The thing about the FCC lessons is that they don't seem to be enough to learn coding by themselves, which was how I was initially treating them. When that wasn't working for me, I looked into some additional free coding lessons. I discovered W3Schools, Codecademy, and Mozilla Developer, and the combination of the four websites (and hours of taking notes) finally helped me start to retain HTML and CSS rules.
Completed Projects
I successfully recreated the Survey page:
the Technical Documentation page:
and the Product Landing Page project:
I was doing well with the Portfolio project (until I tried to make it responsive, which screwed up the main grid of content; this caused me to put it aside until I learned more about Flex and Grid, but I haven't touched it since).
In the meantime, I finally tackled the Tribute project on my own and created a Muse tribute page:
I don't necessarily like the outcome - I think that it takes a single glance to see that it's total amateur hour - but hey, it's my own design, content, and style. It was my first page that I'd completed 100% on my own!

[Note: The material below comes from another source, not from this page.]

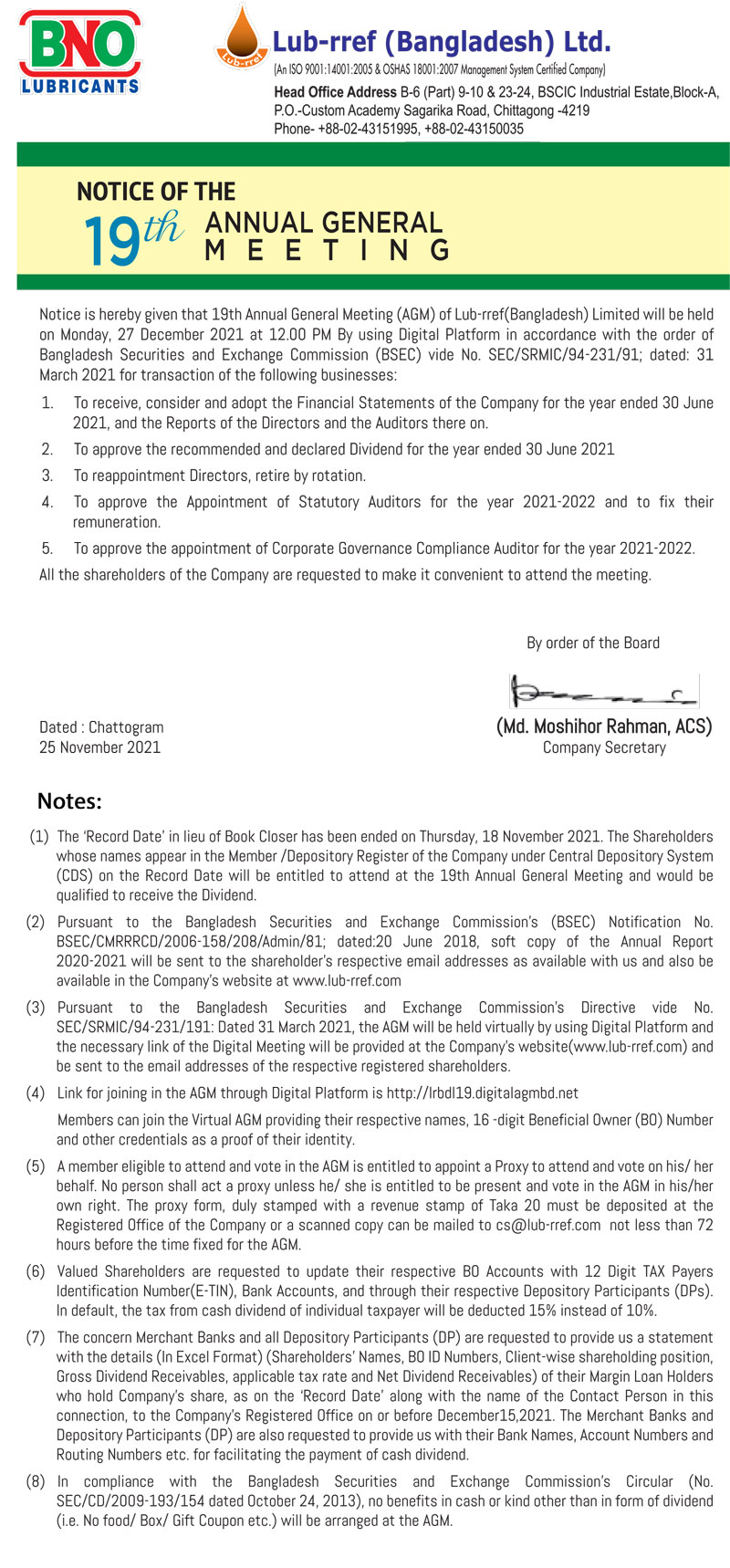 Notice of the 19th AGM of Lub-rref (Bangladesh) Ltd.
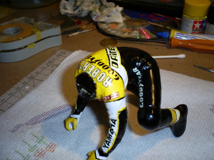 per il resto del figurino...io cercherei di lumeggiare un po il giallo e leggermente il nero...solo per dare un po di realismo in piu.....e infine per quanto riguarda la moto...nulla da dire ma come ne parlavo al telefono con ros ci sarebbero da fare due modifiche per dare il vero senso di velocità in curva (farai il diorama vero?!!!!) l'acetato sui cerchi....(ricordate robiturbo!) e modificare la catena..tipo eliminando perni tra una maglia e l'altra per simulare sempre il movimento....e proprio per fare un lavoro con i fiocchi...ci sarebbe pure la corona da rifare sempre in acetato e i dischi davanti se hanno un disegno particolare che in velocità ovviamente cambia....cmq anche cosi lo sai benissimo che ha il suo effettissimooooooo

After that, I did the same with the Technical Documentation project (which is more my cup of tea anyway), and I am far more impressed with that result than I am with my Muse tribute page:
I'm just very happy to see that I'm improving with each and every project!
What project is next?
I'm at a little bit of a standstill. I still have the Survey and Product Landing Page projects, plus the Portfolio page (which will come after I've completed the others). Unfortunately, I really want these remaining pages to be 100% my own as well, and I'm blanking on content for both the Survey page and the Product Landing Page. I researched some product landing pages earlier today and caught a little bit of inspiration, so I think I may start that up soon. I'm spending my time trying to learn other coding languages, but that's another post in itself.